Menu

İnsülin Direnci Ve Beslenme Tedavisi

insülin direnci

İnsülin pankreasın beta hücreleri tarafından salgılanan önemli bir anabolik hormondur. Gıdalarla aldığımız karbonhidratlar sindirim sistemimizde glikoza dönüştürülüp kana geçmeye başlayınca, pankreas, glukozun hücre içine sokulabilmesi için insülin salgılayıp kana göndermeye başlar. Vücudun enerji ihtiyacını sağlayan glikoz, ancak insülin sayesinde hücrelere girebilir. Beyin hücreleri ise kandaki şekeri kullanırken insüline ihtiyaç duymazlar.

Kandaki glukoz miktarı fazlalaştığında pankreas, daha fazla insülin üreterek bu sorunun üstesinden gelmeye çalışır.

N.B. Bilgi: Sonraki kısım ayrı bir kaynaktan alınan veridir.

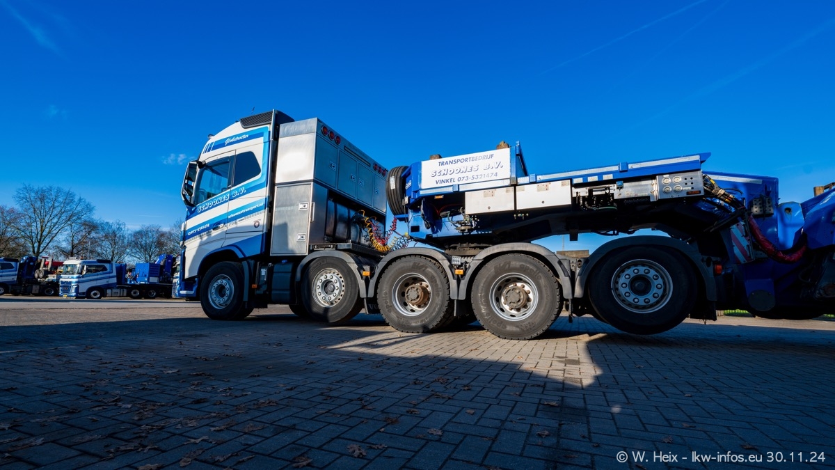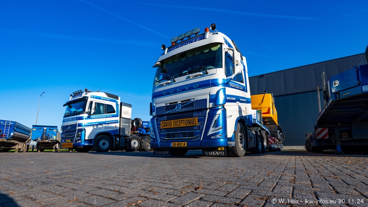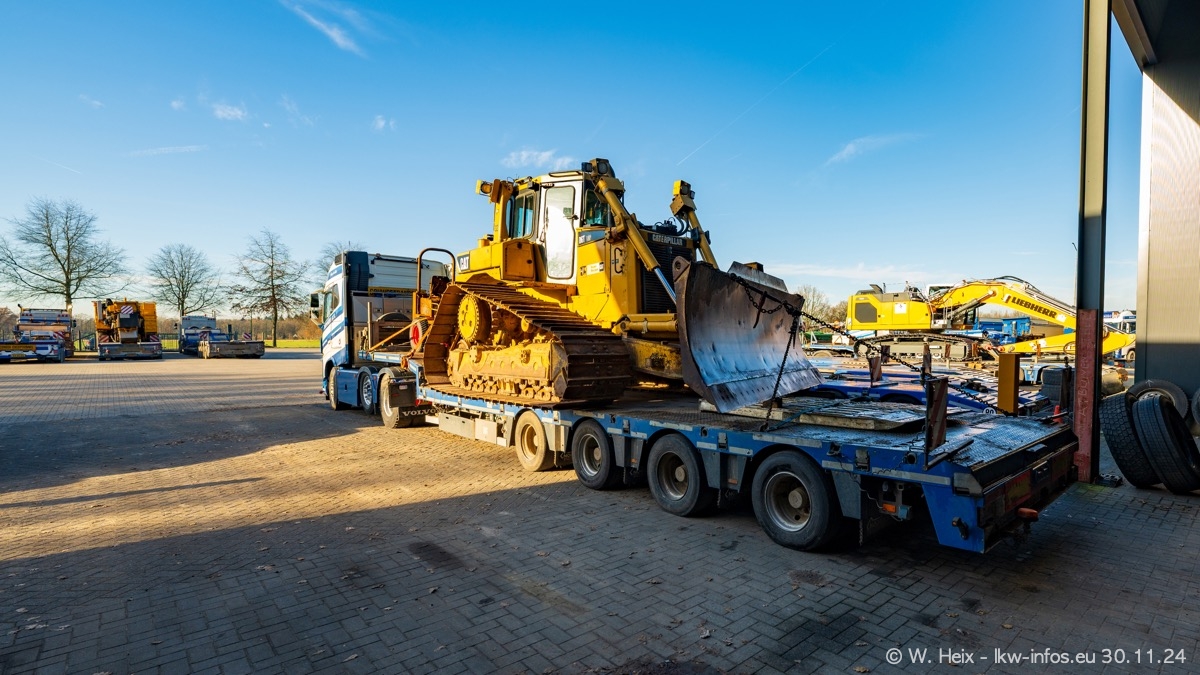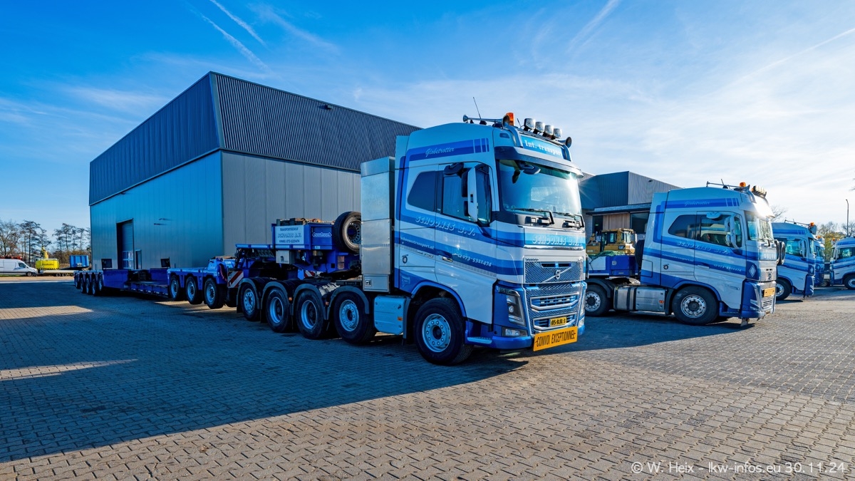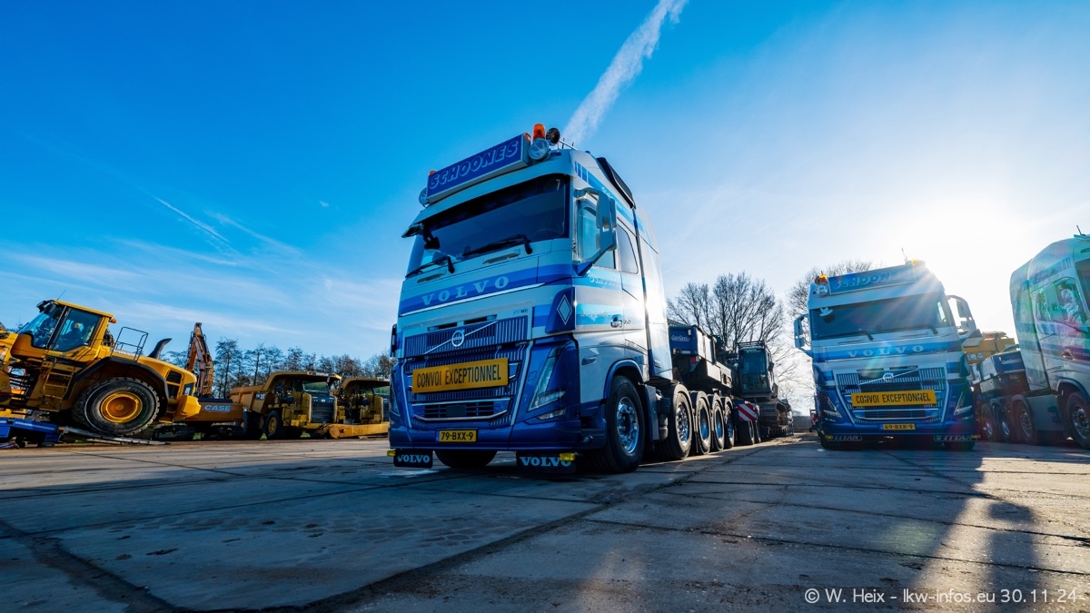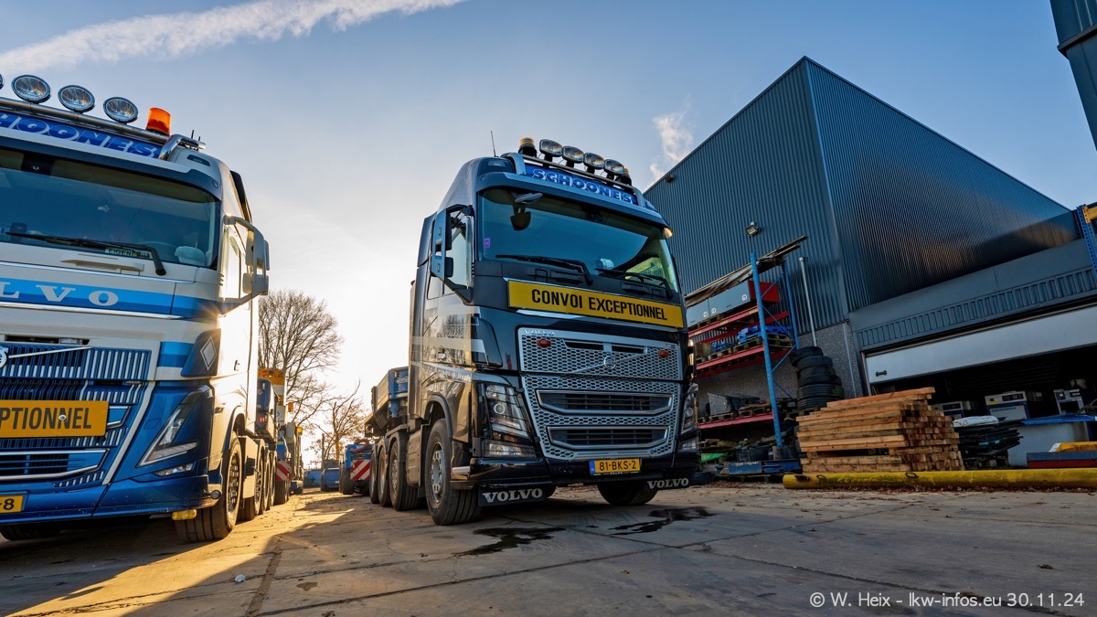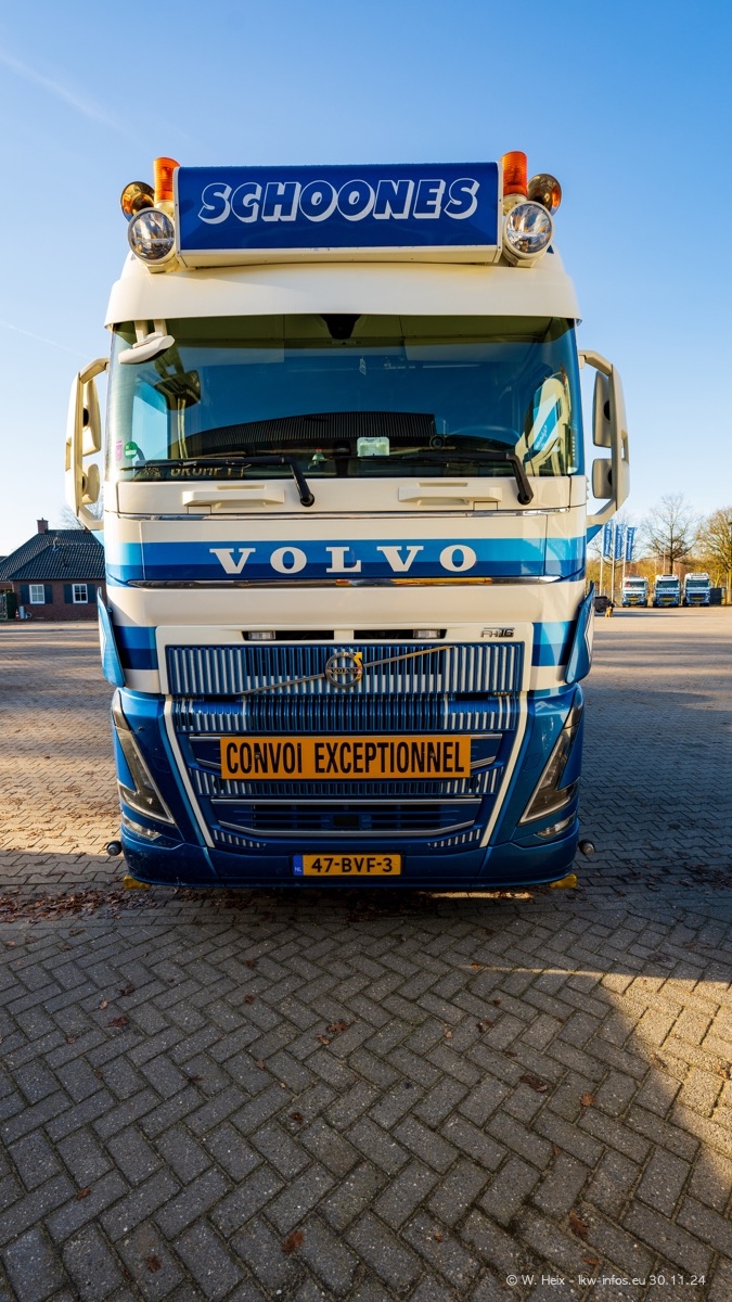 Seit meinem letzten Besuch im Februar sind einige neue LKW in den Fuhrpark gekommen. Das sind einige VOLVO FH 5 sowie fünf VOLVO FH16 (vier Vierachser und ein Fünfachser). Ein sehr großer Teil der LKW war diesmal zuhause. Und das schon winterliche Wetter passte auch.

Gitgide artan insülin üretimi sayesinde kan şekeri normal düzeyde tutulmaya çalışılır.  Karbonhidrattan zengin yemeklerden sonra, pankreastan aşırı miktarda insülinin kana geçmesi nedeniyle, şeker düşmeleri görülebilmektedir. Bu dönemde yemeklerden sonra uyku basması durumlarıyla karşılaşılır. Kandaki insülin düzeyi gitgide artarken zamanla pankreas da yorulmaya başlar. Yorulan pankreas yeteri kadar insülin üretmez hale gelir ve bu durum tedavi edilmezse şeker hastalığına dönüşür.

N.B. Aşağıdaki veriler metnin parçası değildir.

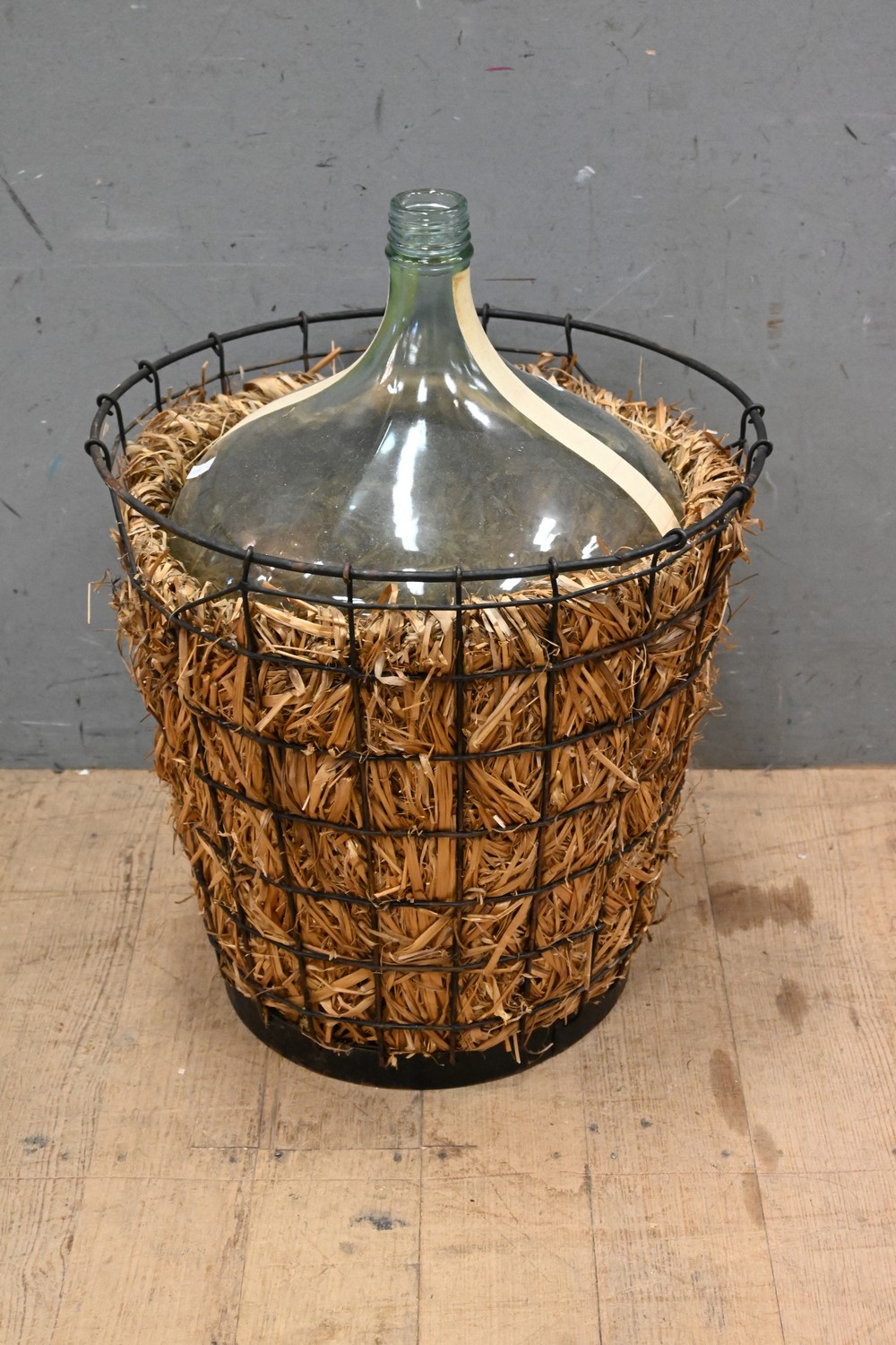 A DEMI JOHN IN METAL CASE (A/F) (H50 X D44 CM) (LEONARD JOEL DELIVERY SIZE: LARGE)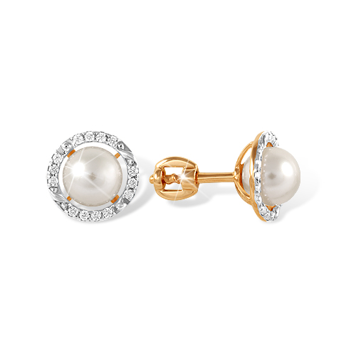 —Серьги пусеты из красного золота с жемчугом и фианитами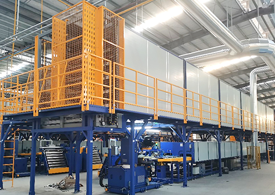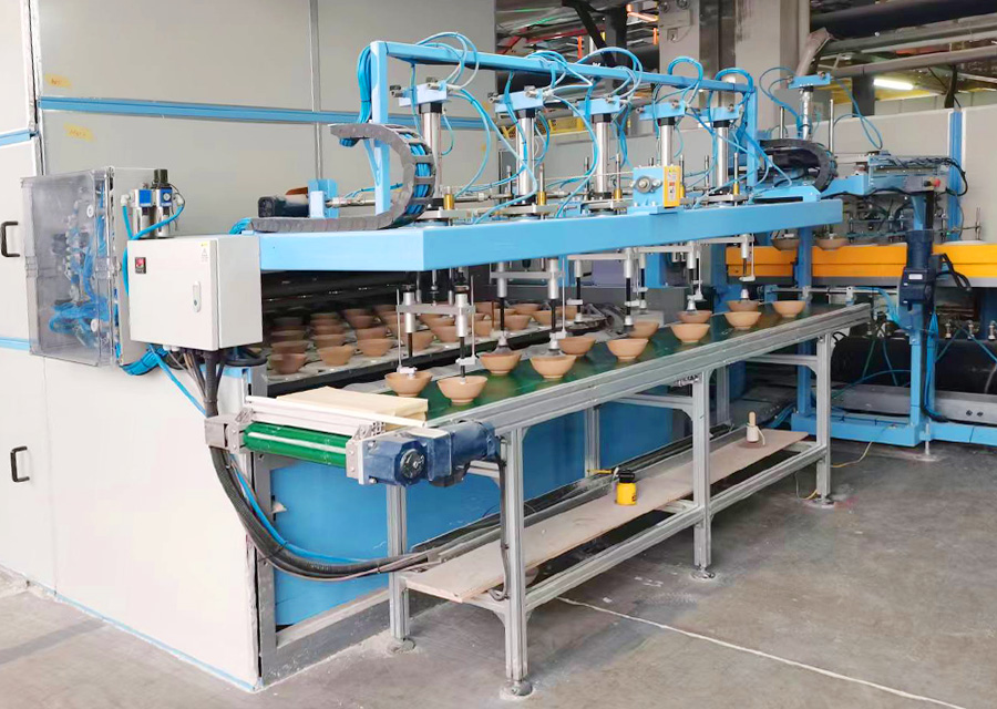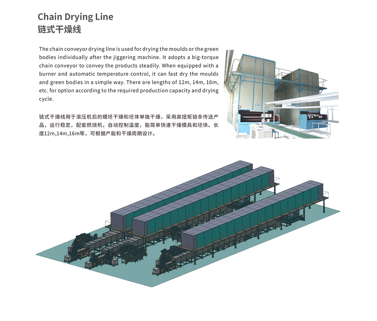 The chain conveyor drying line is used for drying the moulds or the green bodies individually after the jiggering machine. There are lengths of 12m, 14m, 16m, etc. for option according to the required production capacity and drying cycle.
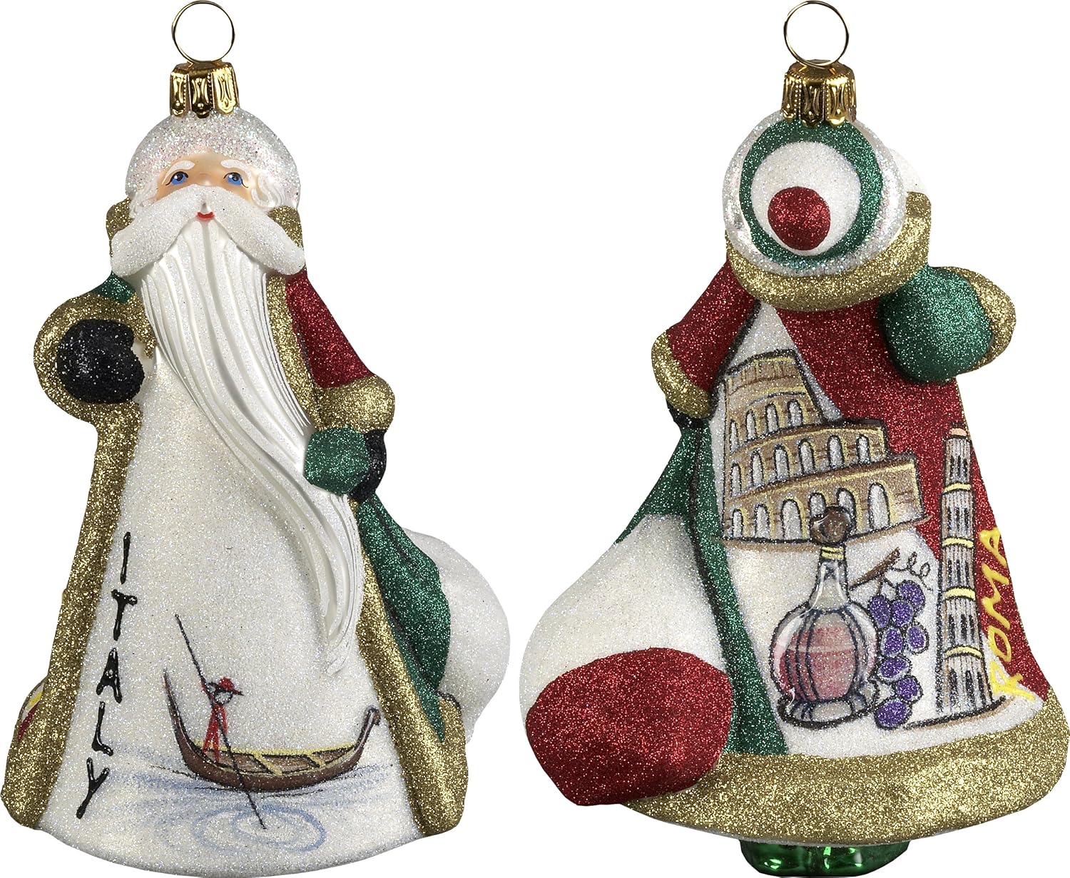 Amazon Com Italian Santa In Italy Polish Blown Glass Glitterazzi Christmas Ornament Home Kitchen

İnsülin direnci tedavi edilmezse özellikle bel çevresinde yağlanma artışı, obeziteye neden olur. Ayrıca yapılan çalışmalarda insülin direncinin hipertansiyon, kolesterol yüksekliği ve koroner kalp hastalıkları ile de ilişkili olduğu gösterilmiştir. İnsülin direnci, metabolik sendromun gelişimi ve ilerlemesinde, obezite, Tip 2 diyabet, hipertansiyon, dislipidemi ve kardiyovasküler hastalık gibi bozuklukların bir gelişmesinde ve ilerlemesinde iyi bilinen bir faktördür. Vücuttaki yağ dokusunun artması, insülin direncini arttıran aynı zamanda insülin direnci arttıkça yağ dokusunu arttıran kısır bir döngüdür. Bu nedenle yağ dokusu fazla kişilerde insülin direnci varlığı mutlaka araştırılmalıdır.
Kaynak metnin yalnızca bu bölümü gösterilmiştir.